Recent Advances in Rechargeable Metal-CO 2 Batteries with Nonaqueous Electrolytes.

This review article discusses the recent advances in rechargeable metal-CO 2 batteries (MCBs), which include the Li, Na, K, Mg, and Al-based rechargeable CO 2 batteries, mainly with nonaqueous electrolytes. MCBs capture CO 2 during discharge by the CO 2 reduction reaction and release it during charging by the CO 2 evolution reaction. MCBs are recognized as one of the most sophisticated artificial modes for CO 2 fixation by electrical energy generation. However, extensive research and substantial developments are required before MCBs appear as reliable, sustainable, and safe energy storage systems.
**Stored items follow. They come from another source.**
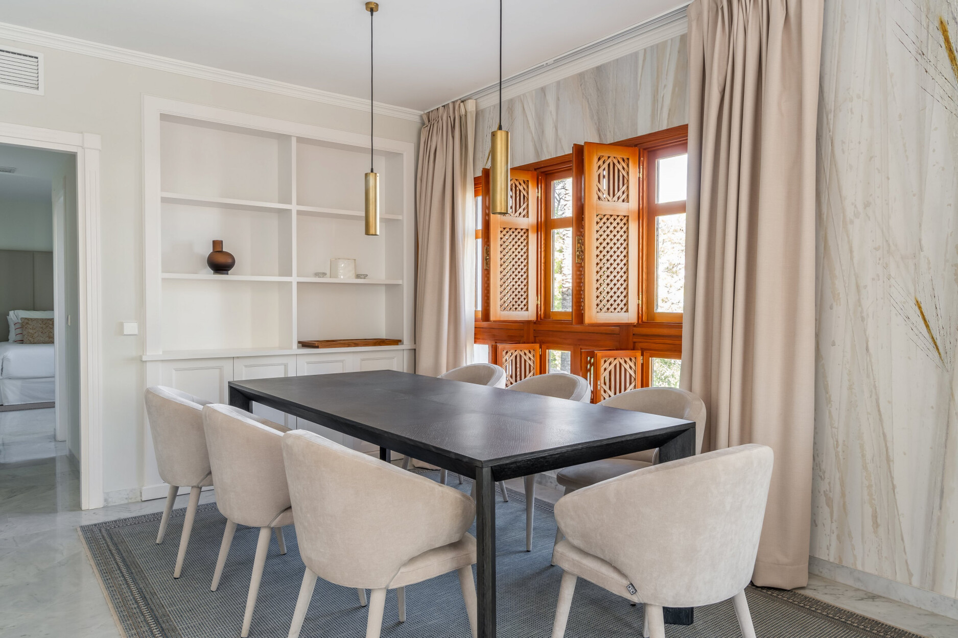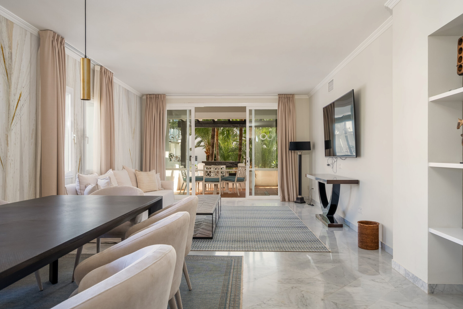 De residentie beschikt over meerdere terrassen op beide verdiepingen, biedt ruimtes om te eten, te ontspannen en te genieten van de zon van Marbella. De gemeenschap maakt deel uit van het wereldberoemde Puente Romano Resort, dat de bewoners voorziet van prachtig aangelegde tuinen, 24-uurs beveiliging, en toegang tot een uitzonderlijk scala aan faciliteiten, waaronder tennisbanen, een fitnesscentrum, spa, en een selectie van fijne eetrestaurants en strandclubs, allemaal op slechts een steenworp afstand van de zee.
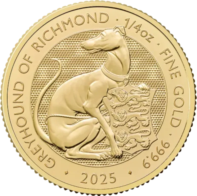Reino Unido: moneda de oro Galgo de Richmond 2025 1/4 oz
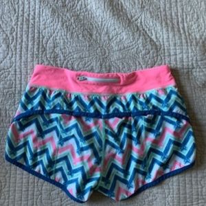 Pink, teal and seafoam green zigzag print shorts from Ivivva. Worn only once. Perfect condition. Girls size 14.
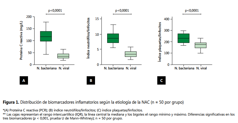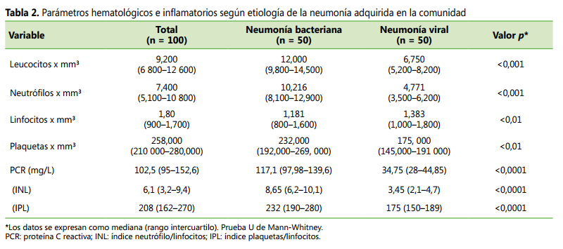 Palabras clave: neumonía adquirida en la comunidad; proteína C reactiva; neutrófilos; linfocitos; plaquetas; diagnóstico diferencial; inflamación (fuente: DeCS-Bireme).
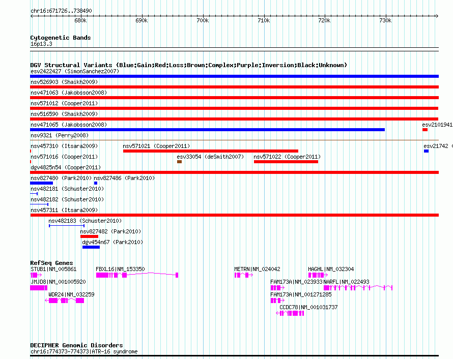 Variant DetailsVariant: nssv675696| Internal ID | 15065662 | | Landmark | | | Location Information | | | Cytoband | 16p13.3 | | Allele length | | Assembly | Allele length | | hg38 | 66765 | | hg19 | 66765 | | hg18 | 66765 | | hg17 | 66765 |

The rechargeable MCBs suffer from the hindrances like huge charging-discharging overpotential and poor cyclability due to the incomplete decomposition and piling of the insulating and chemically stable compounds, mainly carbonates. Efficient cathode catalysts and a suitable architectural design of the cathode catalysts are essential to address this issue. Besides, electrolytes also play a vital role in safety, ionic transportation, stable solid-electrolyte interphase formation, gas dissolution, leakage, corrosion, operational voltage window, etc. The highly electrochemically active metals like Li, Na, and K anodes severely suffer from parasitic reactions and dendrite formation. Recent research works on the aforementioned secondary MCBs have been categorically reviewed here, portraying the latest findings on the key aspects governing secondary MCB performances.